A. Cash flows are easy to calculate
B. Cash flows are suggested by SEBI
C. Cash is more important than profit *
D. None of the above

1383. Which of the following is not included in incremental A flows ?

A. Opportunity Costs
B. Sunk costs *
C. Change in Working capital
D. Inflation effect

1384. A proposal is not a capital budgeting proposal if it _______.

A. Is related to fixed assets
B. Brings long-term benefits
C. Brings short-term benefits only *
D. has very large investment

1385. In capital budgeting, sunk cost is excluded because it is ________.

A. Of small amount
B. Not incremental *
C. Not reversible
D. All of the above

1386. Savings in respect of a cost is treated in capital budgeting as ________.

A. An inflow *
B. An outflow
C. Nill
D. None of the above

1387. In capital budgeting the term capital rationing implies ______.

A. That no retained earnings available
B. That limited funds are available for investment *
C. That no external funds can be raised
D. That no fresh investment is required in current year

1388. Feasibility set approach to capital rationing can be applied in ___________.
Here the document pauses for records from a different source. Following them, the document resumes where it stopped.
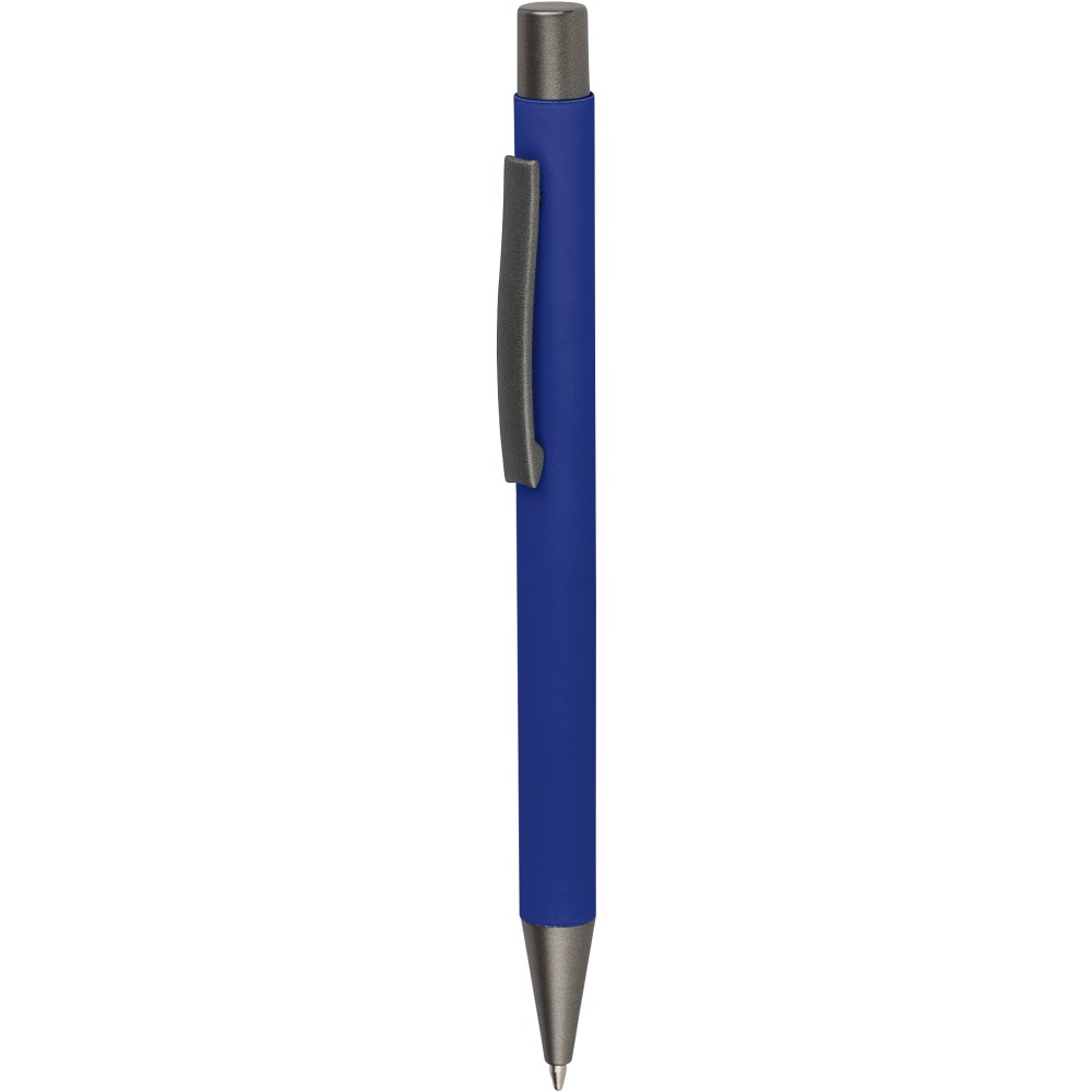 Újrahasznosított alumínium golyóstoll lágy tapintású gumírozott felülettel és kék tollbetéttel. Sötétszürke kiegészítőkkel és a bevonat alatti tükörhatású réteggel tervezve a látványos gravírozási eredmény érdekében. Nyomógombos szerkezettel és gravírozott újrahasznosított logóval.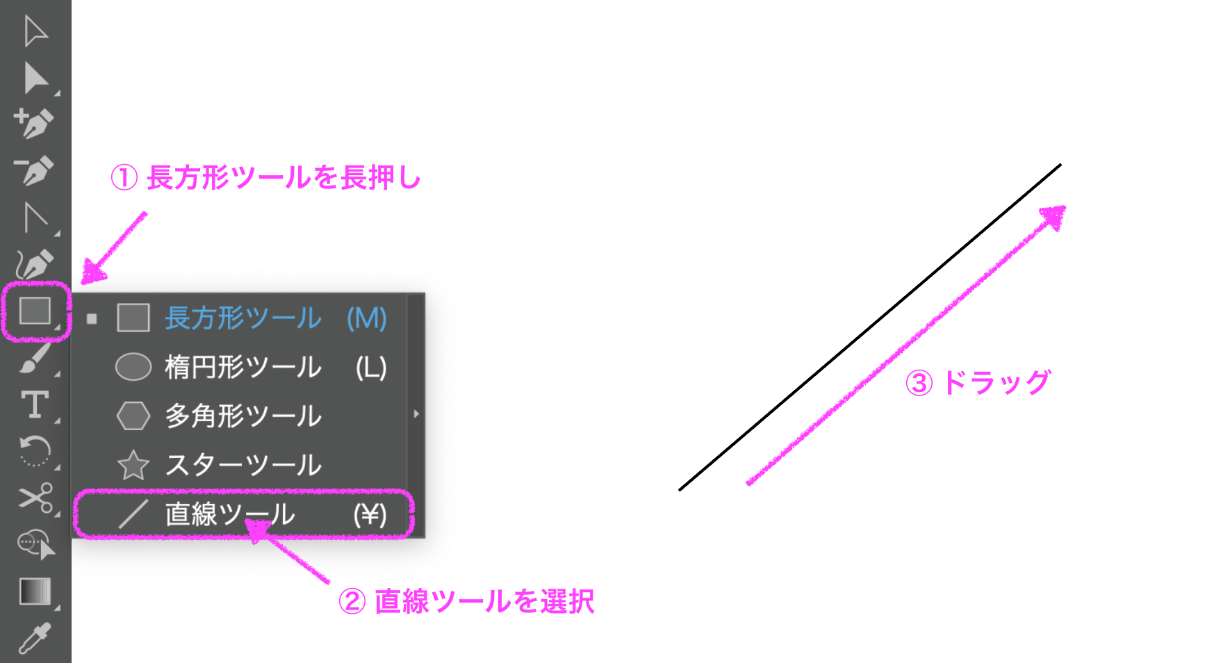 直線ツールを選択し、アートボード上でマウスをドラッグすると、ドラッグの距離と角度に応じた直線が描かれます。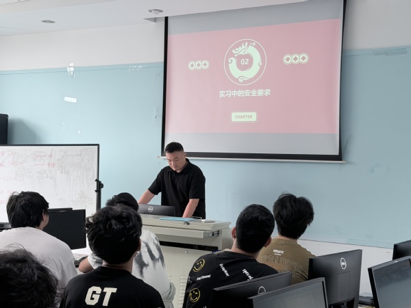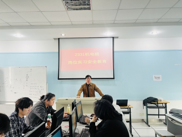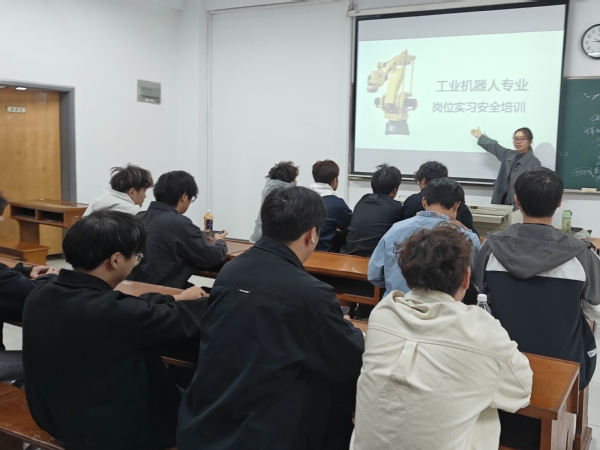 工业机器人技术专业教育的现场,工业机器人技术专业负责人沈凯老师重点培训了学生实际操作中的安全风险,要求学生掌握实用的防护与应对技能,同时将持续把安全培训贯穿实习全过程,通过定期巡查、动态提醒等方式,切实守护学生实习安全,助力学生在实践中提升专业能力。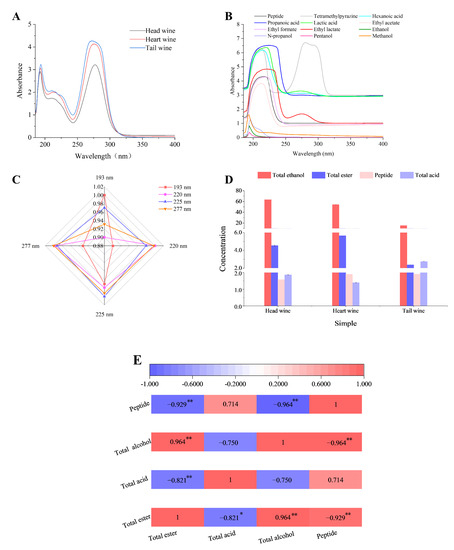 Correlation analysis between the peptides and the main flavor substances in the liquors collected at different distillation stages. (A) Spectra of the liquors from different distillation stages. (B) Spectra of the standard substances involved in baijiu. (C) Correlation analysis among the characteristic peaks based on the maximum absorption value. (D) Content determination of total acid, total ester, total alcohol and the peptide. (E) Correlation analysis between the content of the peptide and total acid, total ester, or total alcohol. Red represents positive, and blue represents negative. * 0.01< p ≤ 0.05, ** p ≤ 0.01.

A. Accept-reject situation *
B. Divisible projects
C. Mutually exclusive projects
D. None of the above

1389. In case of divisible projects, which of the following can be used to attain maximum NPV?

A. Feasibility set approach
B. Internal rate or return
C. Profitability index approach *
D. Any of the above

1390. In case of the indivisible projects, which of the following may not give the optimum result?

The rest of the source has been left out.